About this task
Please give back exactly the line with "为深入学习宣传贯彻党的十八大" and each line after it through the end of the material, leaving out the pictures.

Records for the exercise

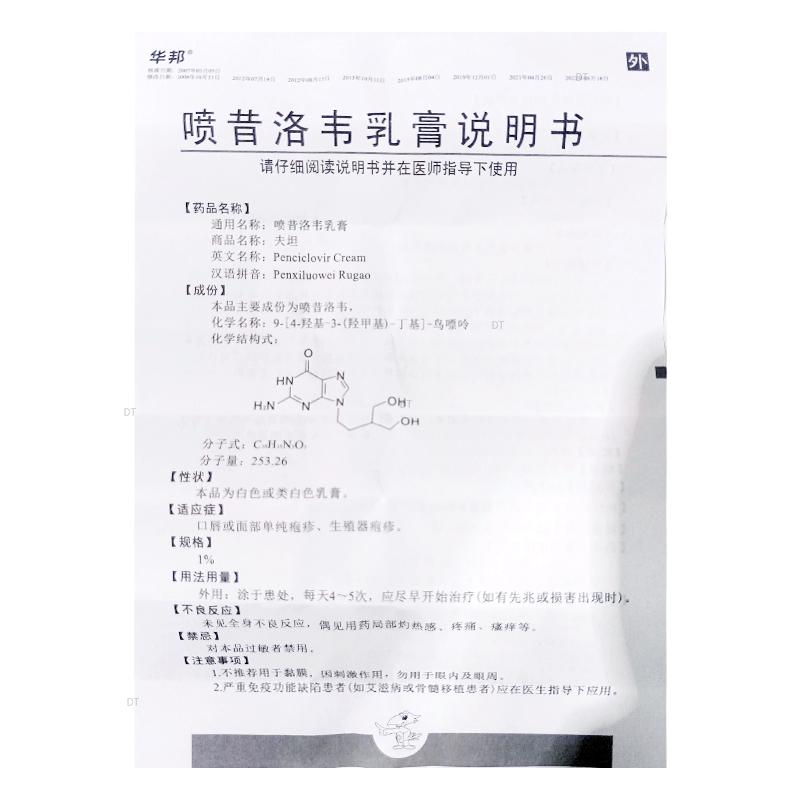 外用:涂于患处,每天4~5次,应尽早开始治疗(如有先兆或损害出现时)。
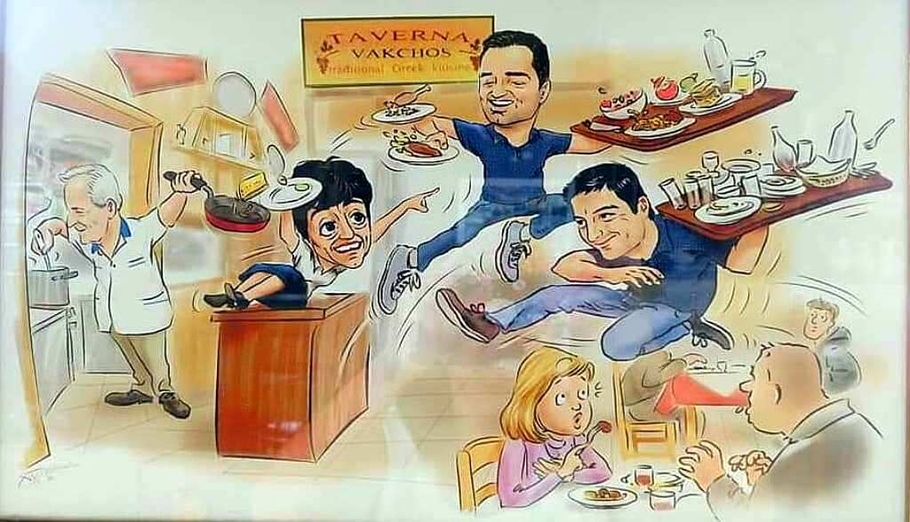 Το εξαιρετικό αυτό σκίτσο αποδίδει με τον πιο αληθινό και αδιάψευστο τρόπο την αέναη κινητικότητα των 4 μελών της οικογένειας Θεοδωράκη, προκειμένου να ικανοποιήσουν στο έπακρο τις επιθυμίες των πελατών τους.
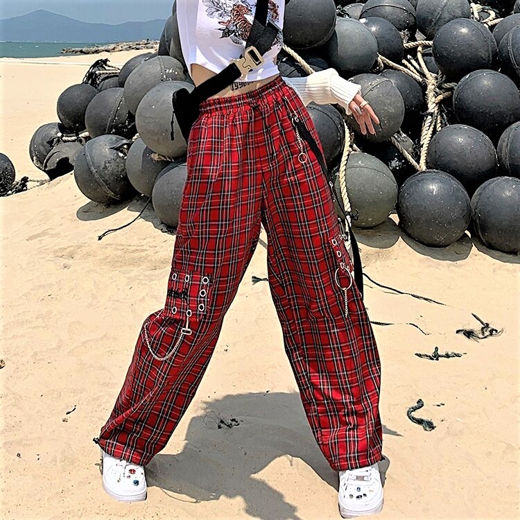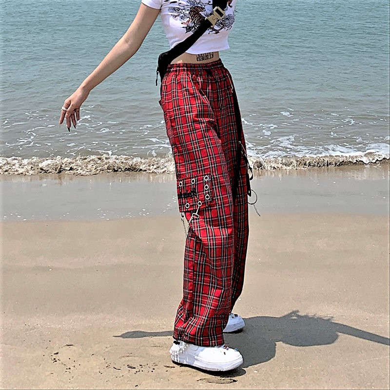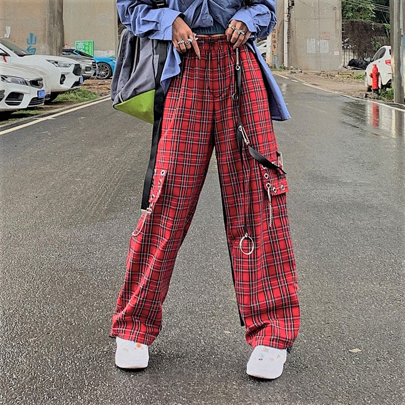Vintage Punk England Plaid Straps Embellish Harajuku Cargo Trousers Streetwear Rave Awesome
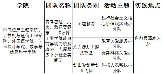 为深入学习宣传贯彻党的十八大和十八届三中、四中、五中、六中全会以及习近平总书记系列重要讲话精神,积极响应校团委号召,发挥专业特色,服务社会,助力精准扶贫工作,提高我校广大青年学生的社会实践能力和组织协调能,并为即将到来的十九大打下良好基础,校团委特组建了郑州轻工业学院“助力脱贫攻坚 志愿服务下乡”社会实践团,由校团委老师和相关二级学院分团委老师以及相关指导老师带领师生近50人团队,于7月9日—11日赴濮阳市台前县清水河乡开展“三下乡”社会实践活动。
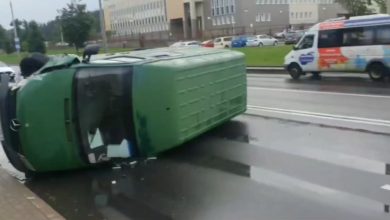 В Минске на улице Ваупшасова перевернулся микроавтобус
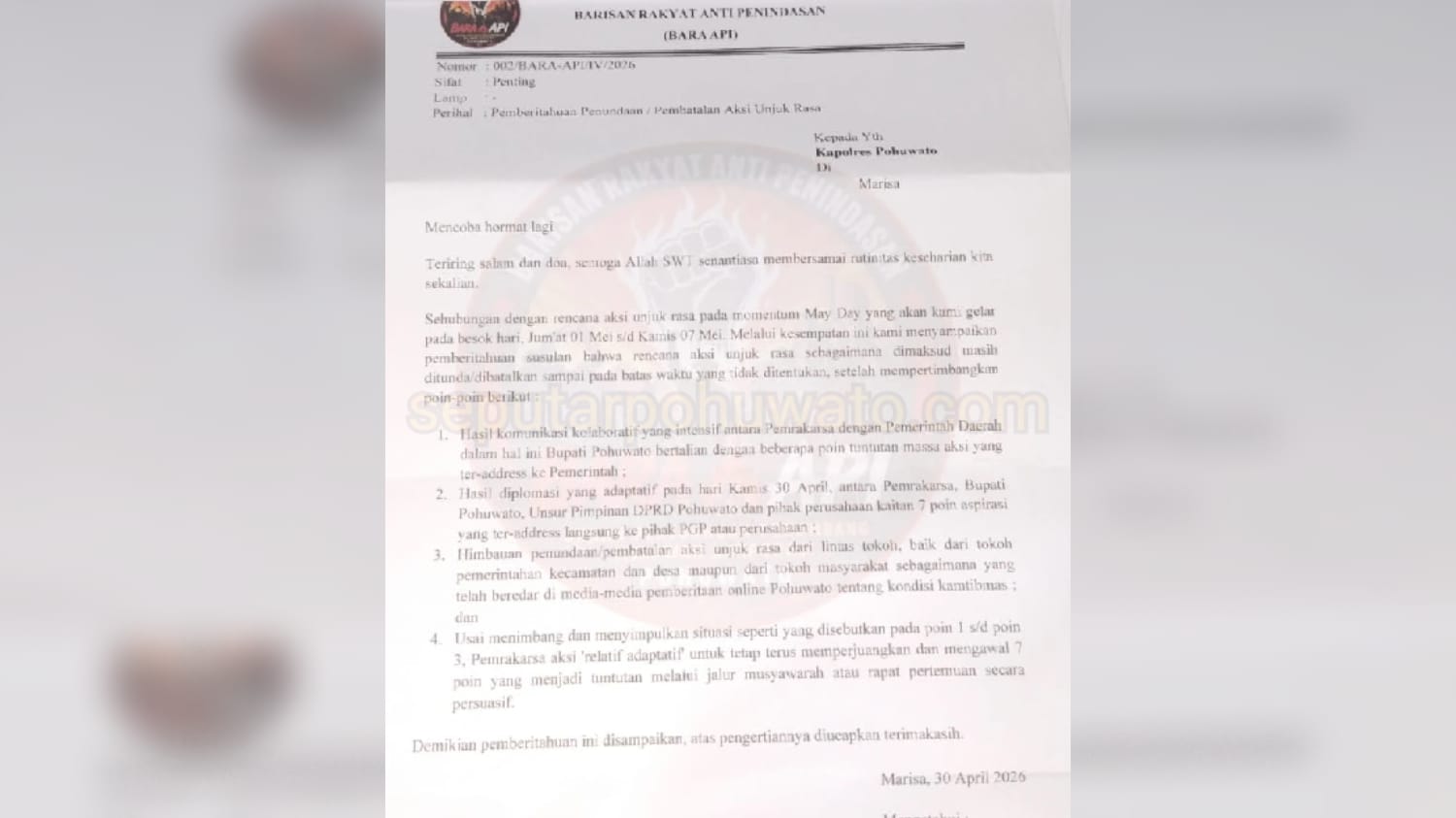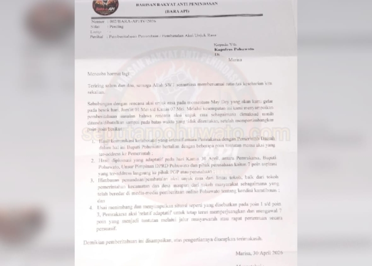 SEPUTARPOHUWATO.COM – Rencana aksi unjuk rasa yang sedianya digelar Barisan Rakyat Anti Penindasan (BARA API) pada momentum Hari Buruh Internasional atau May Day resmi dibatalkan.
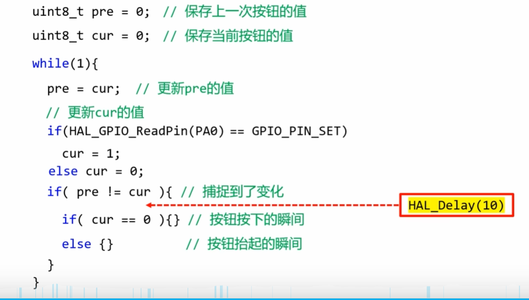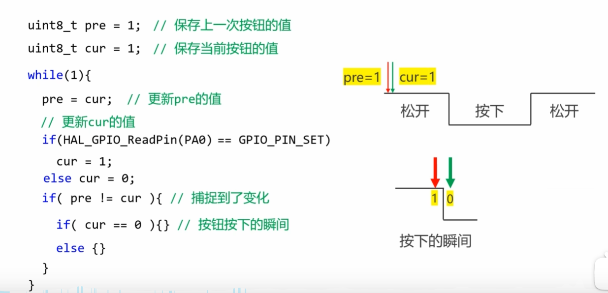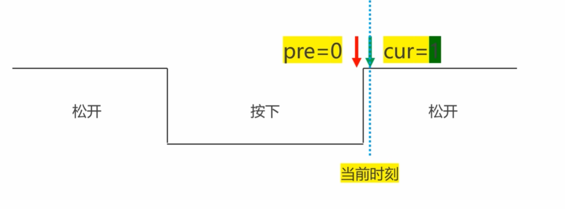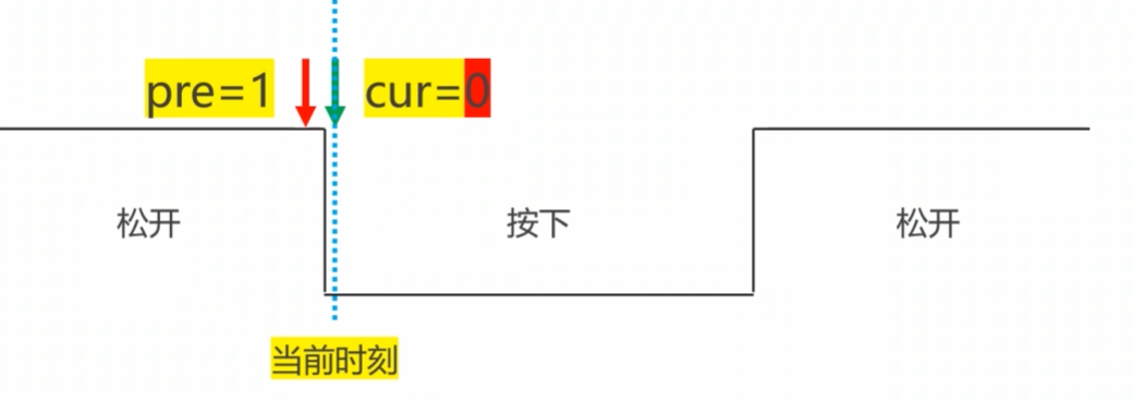 因此需要捕捉按钮变化的瞬间,pre保存按钮上一次的值,cur保存按钮当前的值,然后使用蓝色虚线保持当前时刻,不断更新pre和cur的值,当pre和cur相等,代表按钮状态没有变化,pre和cur不相等,表示捕捉到按钮变化瞬间。然后进一步判断,捕捉到了按钮按下还是抬起的动作。如果像现在这样,cur=0,则表示按钮按下,反之,按钮松开。

Answer
 为深入学习宣传贯彻党的十八大和十八届三中、四中、五中、六中全会以及习近平总书记系列重要讲话精神,积极响应校团委号召,发挥专业特色,服务社会,助力精准扶贫工作,提高我校广大青年学生的社会实践能力和组织协调能,并为即将到来的十九大打下良好基础,校团委特组建了郑州轻工业学院“助力脱贫攻坚 志愿服务下乡”社会实践团,由校团委老师和相关二级学院分团委老师以及相关指导老师带领师生近50人团队,于7月9日—11日赴濮阳市台前县清水河乡开展“三下乡”社会实践活动。
 В Минске на улице Ваупшасова перевернулся микроавтобус
 SEPUTARPOHUWATO.COM – Rencana aksi unjuk rasa yang sedianya digelar Barisan Rakyat Anti Penindasan (BARA API) pada momentum Hari Buruh Internasional atau May Day resmi dibatalkan.
 因此需要捕捉按钮变化的瞬间,pre保存按钮上一次的值,cur保存按钮当前的值,然后使用蓝色虚线保持当前时刻,不断更新pre和cur的值,当pre和cur相等,代表按钮状态没有变化,pre和cur不相等,表示捕捉到按钮变化瞬间。然后进一步判断,捕捉到了按钮按下还是抬起的动作。如果像现在这样,cur=0,则表示按钮按下,反之,按钮松开。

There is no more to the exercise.